ASSIGNMENT: Once you reach the line with "FUNAD MANTÉM SUSPENSÃO" below, copy each line exactly, stopping after the line with "Dieses elegante Armband", and skip any pictures.

*** DATA SUPPLIED ***

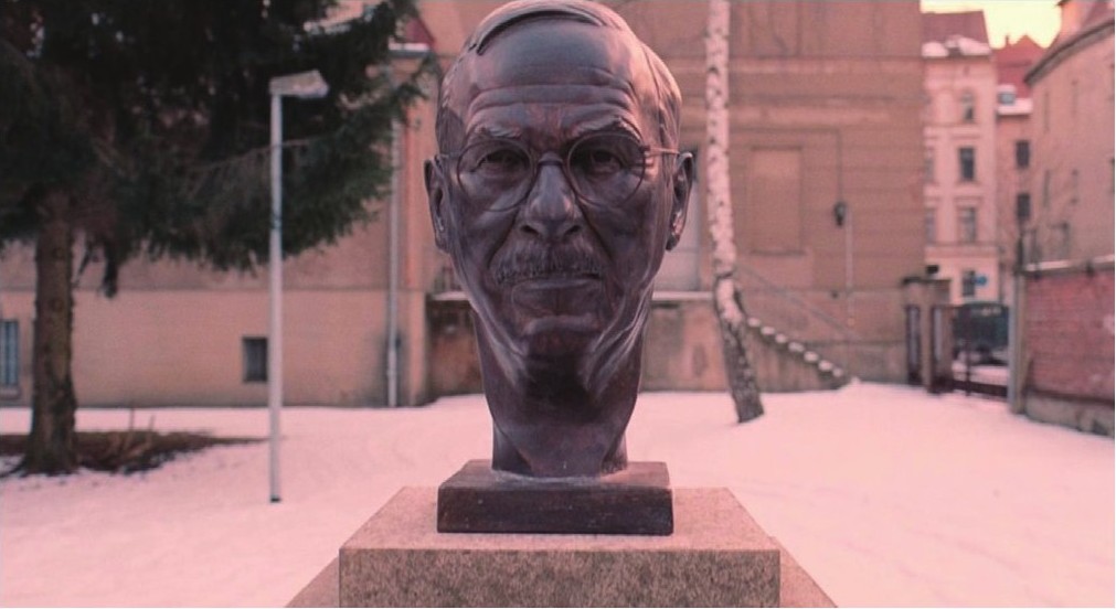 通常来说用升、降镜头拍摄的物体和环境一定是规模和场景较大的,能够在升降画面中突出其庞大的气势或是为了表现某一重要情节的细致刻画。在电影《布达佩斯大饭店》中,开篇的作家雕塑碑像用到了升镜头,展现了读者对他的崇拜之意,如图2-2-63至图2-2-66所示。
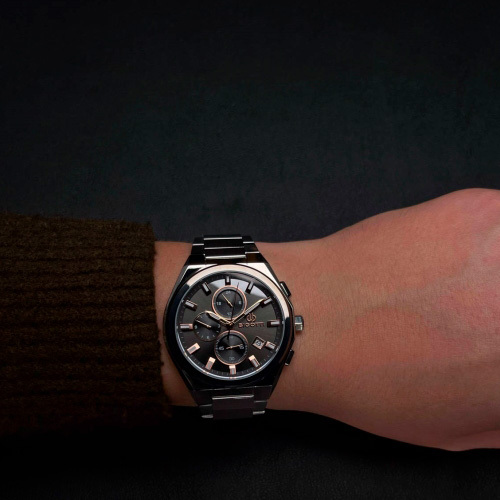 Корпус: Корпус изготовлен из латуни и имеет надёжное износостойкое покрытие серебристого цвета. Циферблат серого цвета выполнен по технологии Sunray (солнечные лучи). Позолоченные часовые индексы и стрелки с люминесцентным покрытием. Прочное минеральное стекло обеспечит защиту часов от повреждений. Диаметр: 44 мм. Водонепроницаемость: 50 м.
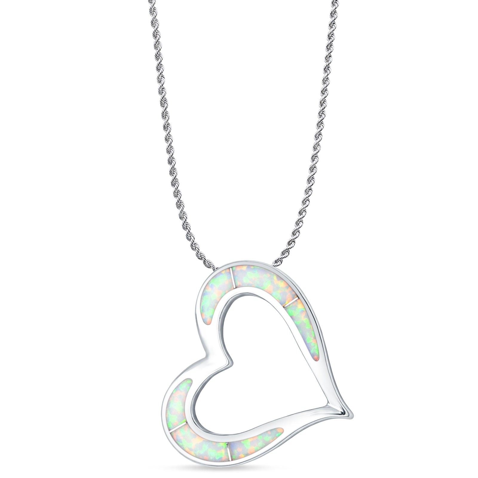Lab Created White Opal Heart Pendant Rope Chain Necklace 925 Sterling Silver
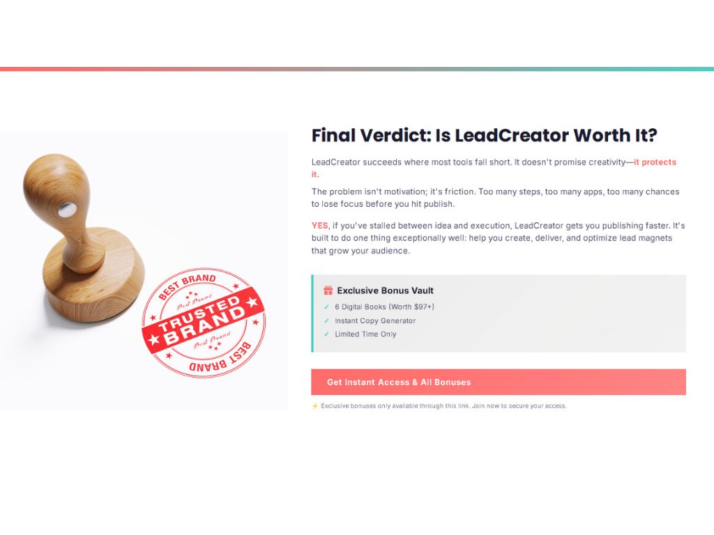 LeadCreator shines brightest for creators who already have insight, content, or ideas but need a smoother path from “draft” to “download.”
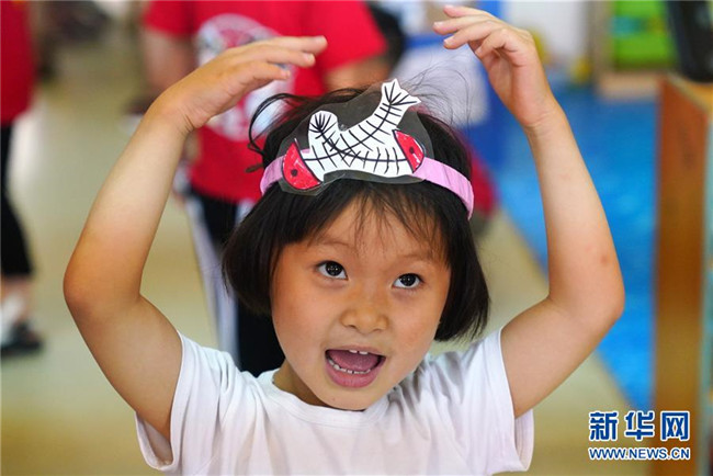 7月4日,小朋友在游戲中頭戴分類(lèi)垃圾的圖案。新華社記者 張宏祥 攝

*** End of DATA SUPPLIED ***
*** DATA SUPPLIED ***

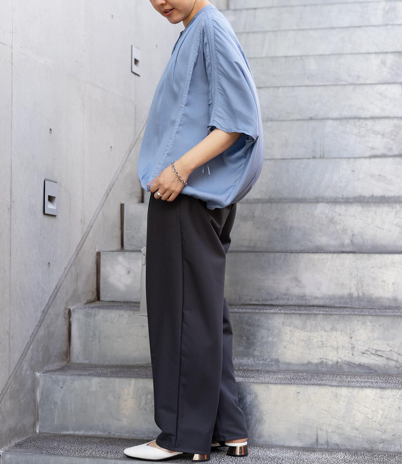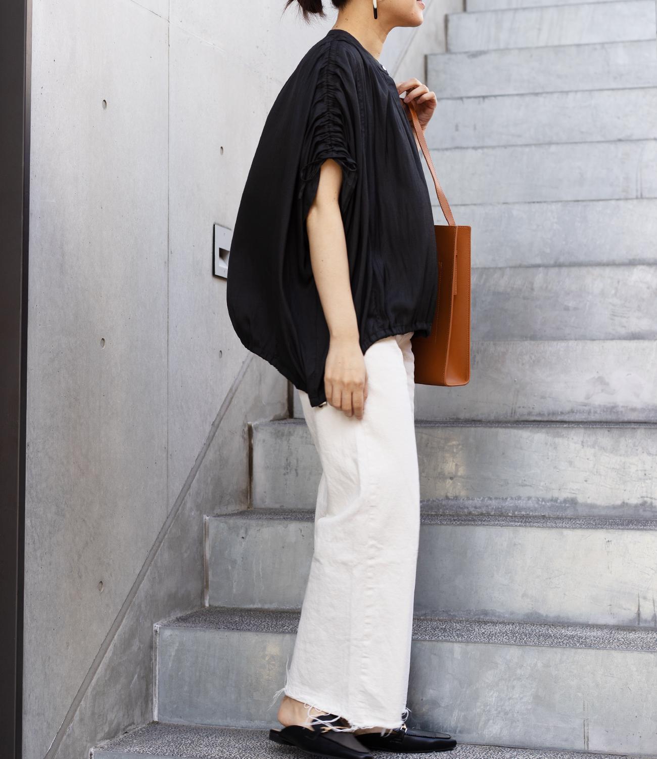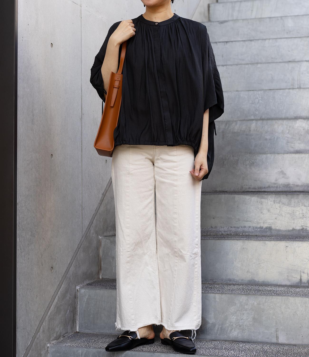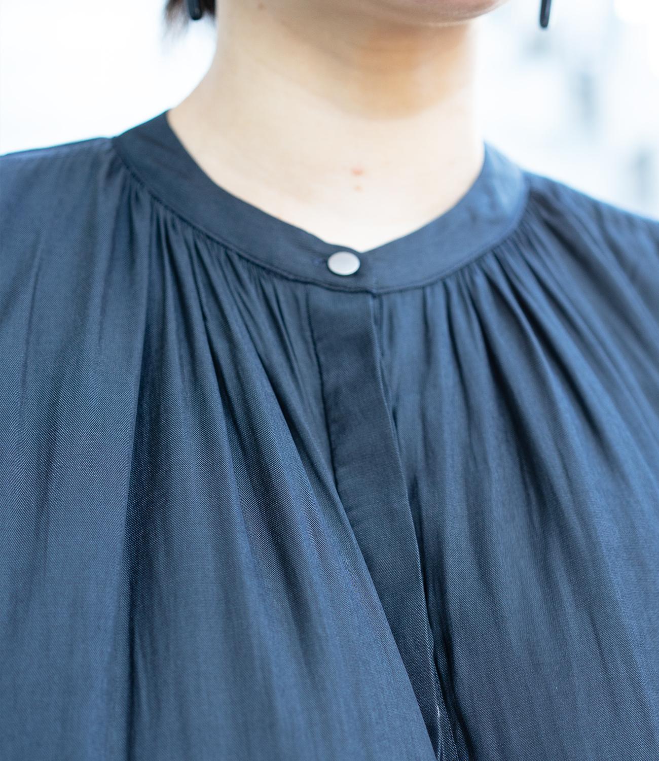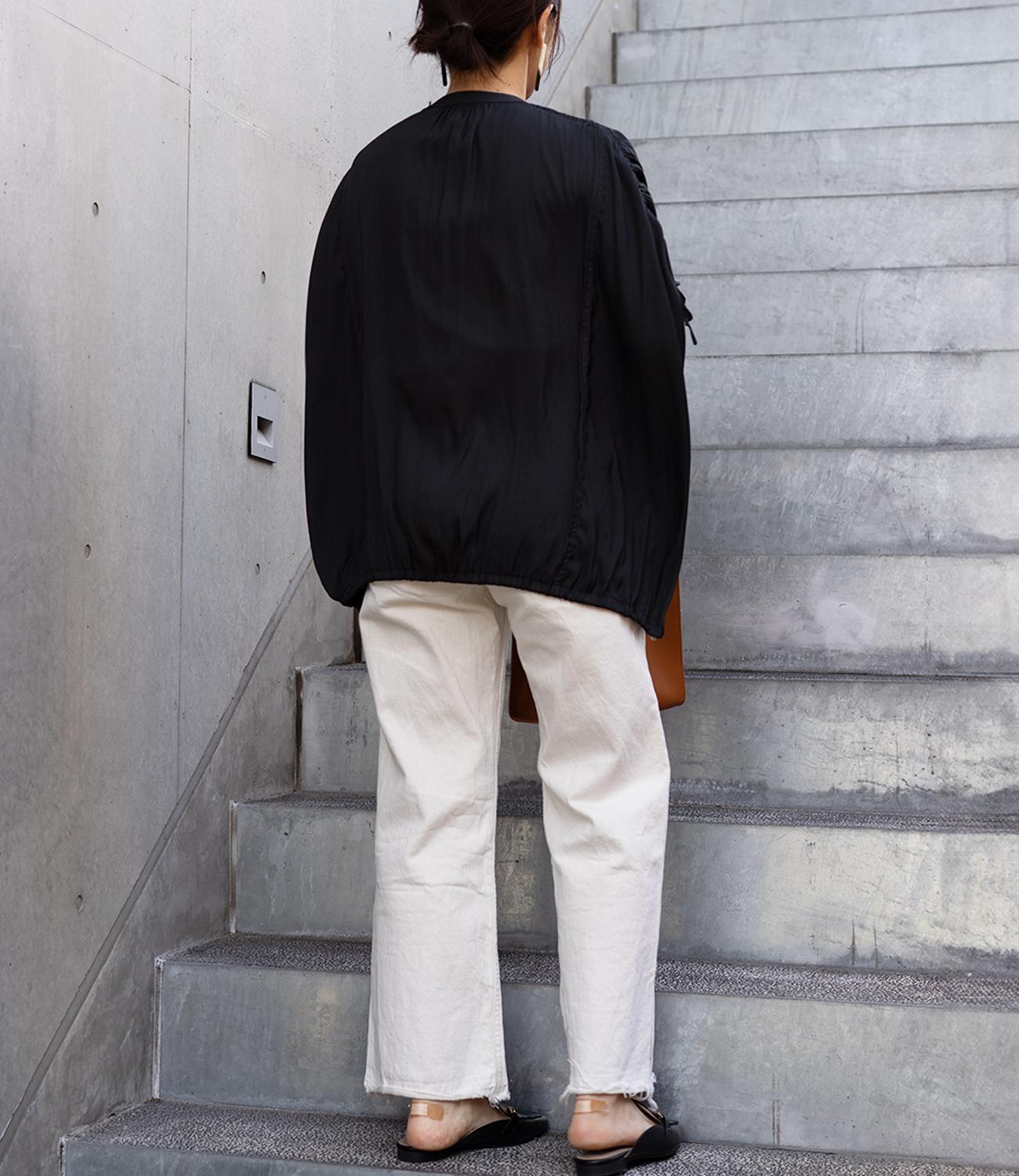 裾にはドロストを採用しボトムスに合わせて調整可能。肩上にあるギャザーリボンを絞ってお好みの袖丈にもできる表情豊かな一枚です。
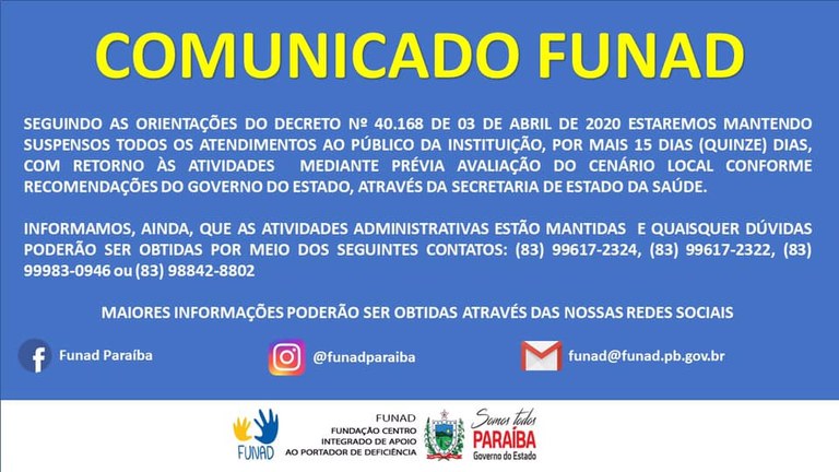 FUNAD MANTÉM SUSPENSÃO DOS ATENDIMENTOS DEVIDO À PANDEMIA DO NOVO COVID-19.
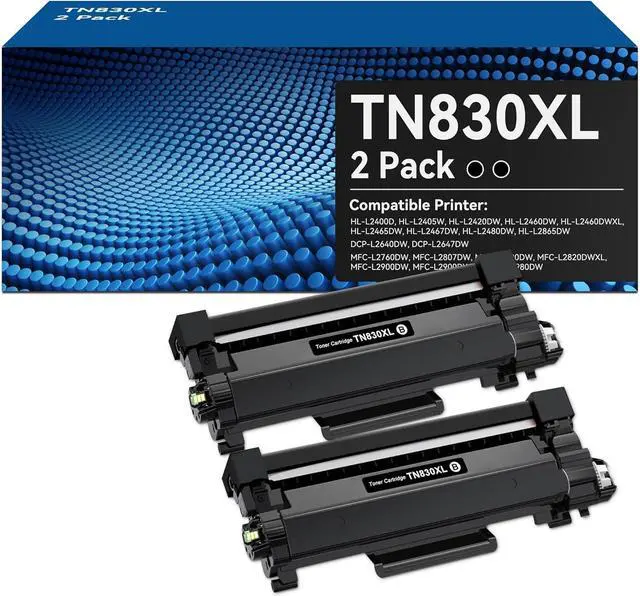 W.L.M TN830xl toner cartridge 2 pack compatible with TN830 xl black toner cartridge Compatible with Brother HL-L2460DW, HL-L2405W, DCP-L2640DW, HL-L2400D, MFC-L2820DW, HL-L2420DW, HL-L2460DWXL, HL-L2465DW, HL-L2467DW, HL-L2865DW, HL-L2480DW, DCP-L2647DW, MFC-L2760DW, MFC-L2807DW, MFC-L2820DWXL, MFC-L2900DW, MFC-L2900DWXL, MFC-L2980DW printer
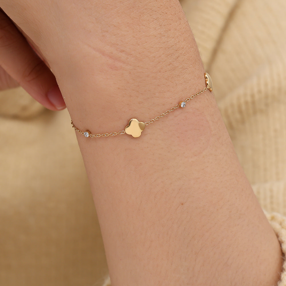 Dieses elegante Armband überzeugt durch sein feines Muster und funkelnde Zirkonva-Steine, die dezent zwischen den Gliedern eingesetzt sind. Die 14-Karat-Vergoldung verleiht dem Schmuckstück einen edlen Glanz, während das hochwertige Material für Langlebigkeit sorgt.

*** End of DATA SUPPLIED ***
*** DATA SUPPLIED ***

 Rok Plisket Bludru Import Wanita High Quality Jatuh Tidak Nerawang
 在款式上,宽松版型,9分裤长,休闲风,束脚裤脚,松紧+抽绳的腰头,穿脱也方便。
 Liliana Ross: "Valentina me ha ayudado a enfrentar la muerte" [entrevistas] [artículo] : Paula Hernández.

*** End of DATA SUPPLIED ***

OUTPUT OF THE TASK:
 FUNAD MANTÉM SUSPENSÃO DOS ATENDIMENTOS DEVIDO À PANDEMIA DO NOVO COVID-19.
 W.L.M TN830xl toner cartridge 2 pack compatible with TN830 xl black toner cartridge Compatible with Brother HL-L2460DW, HL-L2405W, DCP-L2640DW, HL-L2400D, MFC-L2820DW, HL-L2420DW, HL-L2460DWXL, HL-L2465DW, HL-L2467DW, HL-L2865DW, HL-L2480DW, DCP-L2647DW, MFC-L2760DW, MFC-L2807DW, MFC-L2820DWXL, MFC-L2900DW, MFC-L2900DWXL, MFC-L2980DW printer
 Dieses elegante Armband überzeugt durch sein feines Muster und funkelnde Zirkonva-Steine, die dezent zwischen den Gliedern eingesetzt sind. Die 14-Karat-Vergoldung verleiht dem Schmuckstück einen edlen Glanz, während das hochwertige Material für Langlebigkeit sorgt.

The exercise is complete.